M. Tshisekedi a été proclamé jeudi vainqueur de la présidentielle, avec 38,57% des voix, par la Commission électorale nationale indépendante (Céni), une victoire contestée devant la Cour constitutionnelle par son principal rival, Martin Fayulu Madidi (34,8%).

 
 
 

Mais M. Fayulu a dénoncé vendredi un "putsch électoral" du président sortant Joseph Kabila Kabange avec la "complicité" de M. Tshisekedi, et revendiqué la victoire avec 61% des voix.

"Il y a eu vote, qui donne une orientation, mais c'est Joseph Kabila qui choisit le vainqueur", a affirmé le professeur à l'université de Kinshaa, Jean Omasombo, dans une interview publiée samedi par La Libre Belgique. Il accrédite ainsi la thèse de résultats imposés à la Céni en vertu d'un accord Kabila-Tshisekedi associant également Vital Kamerhe, un député coutumier d'allers-retours entre majorité et opposition, au point de lui valoir le surnom de "caméléon".

La puissante Conférence nationale épiscopale du Congo (Cenco) a pour sa part affirmé par la voix de son président, Mgr Marcel Utembi Tapa, que "les résultats (tels que publiés par la Céni), ne correspondent pas aux données collectées par la mission d'observation de la Cenco". Elle a aussi demandé vendredi à l'ONU de faire publier les procès-verbaux du scrutin présidentiel controversé du 30 décembre.

Les résultats des législatives, publiés dans la nuit de vendredi à samedi, donnent près de 350 sièges de députés à l'Assemblée nationale - qui compte 500 élus de 181 circonscriptions, mais quinze d'entre eux restent à élire dans les régions en crise où tous les scrutins ont été reportés au mois de mars - pour la coalition Front commun pour le Congo (FCC) du président sortant Joseph Kabila.

La coalition Cap pour le changement (Cach) de M. Tshisekedi, alias "Fatchi", vainqueur de la présidentielle, n'a obtenu - étrangement, soulignent des observateurs - qu'une cinquantaine des 485 sièges mis en jeu.

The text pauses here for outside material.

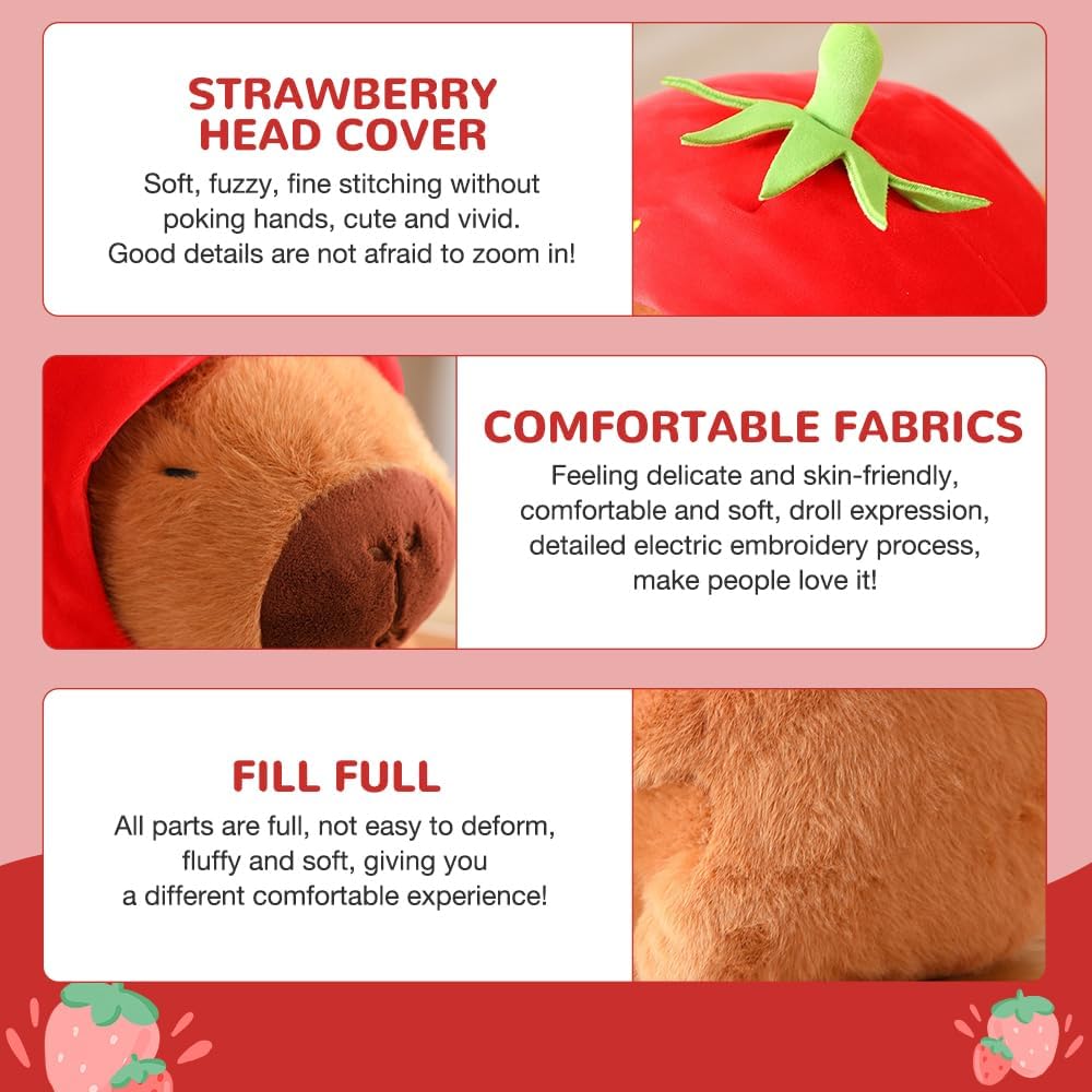 【Comodo compagno】 Questo peluche capibara ha una forma tridimensionale e divertente con un'espressione carina che attira l'attenzione. I peluche capibara sono più piccoli, dimensioni: 23 cm, molto facili da trasportare. Questo peluche capibara ha una forma tridimensionale unica e un'espressione carina che lo rende divertente e accattivante. I bambini sorrideranno sicuramente di gioia e divertimento quando lo vedranno. 【Design creativo】 Questo peluche capibara è dotato di un berretto con motivo a fragole. Il morbido peluche capibara ha una dimensione adeguata, perfetta per essere abbracciato. Questo adorabile peluche capibara è un peluche dal pelo morbido, progettato con cura per conquistare il cuore dei bambini. Ottima scelta come cuscino da abbracciare per adulti e bambini. 【Materiale di alta qualità】 Meravigliosamente morbido e realizzato con materiali sicuri e delicati sulla pelle, questo peluche capibara è realizzato in morbido tessuto di alta qualità che è assolutamente fantastico al tatto. Imbottito con cotone sintetico PP per un comfort eccezionale. Non importa quanto lo stringiate o lo coccoliate, questo piccolo capibara manterrà il suo aspetto soffice ed elegante. 【Eccellente lavorazione】 Il peluche capibara ha un aspetto molto divertente e un'espressione molto carina. I dettagli come gli occhi, il naso e la bocca sono cuciti con cura e sicuri per i bambini, in modo che possano giocare in tutta sicurezza in qualsiasi momento. Inoltre, è realizzato in materiale resistente alla luce che non si deforma o si danneggia facilmente. Basta pulirlo localmente secondo necessità e il peluche rimarrà morbido e pulito a lungo. 【Versatile】 Che abbiate bisogno di una bambola che vi accompagni nei momenti di solitudine o di un amico coccoloso da abbracciare, questo peluche capibara è perfetto. Perfetto come regalo caloroso per bambini, parenti, amici e persone care in occasione di varie festività come Natale e Capodanno o compleanni. Bambini, adolescenti e adulti amano allo stesso modo questo simpatico animaletto.

La coalition Lamuka de l'autre opposant, plus radical, Martin Fayulu compte quelque 80 députés.

Aux provinciales, dont les résultats ont été annoncés avant la fin de la "compilation" des votes, le FCC a remporté plus de 80% des sièges dans 22 des 26 provinces, ce qui lui assure une large majorité au Sénat - les 108 sénateurs sont élus au second degré par les 26 assemblées provinciales.

Or, M. Kabila, qui ne pouvait briguer de troisième mandat, deviendra après la prestation de serment de son successeur, sénateur à vie, selon la Constitution de 2006.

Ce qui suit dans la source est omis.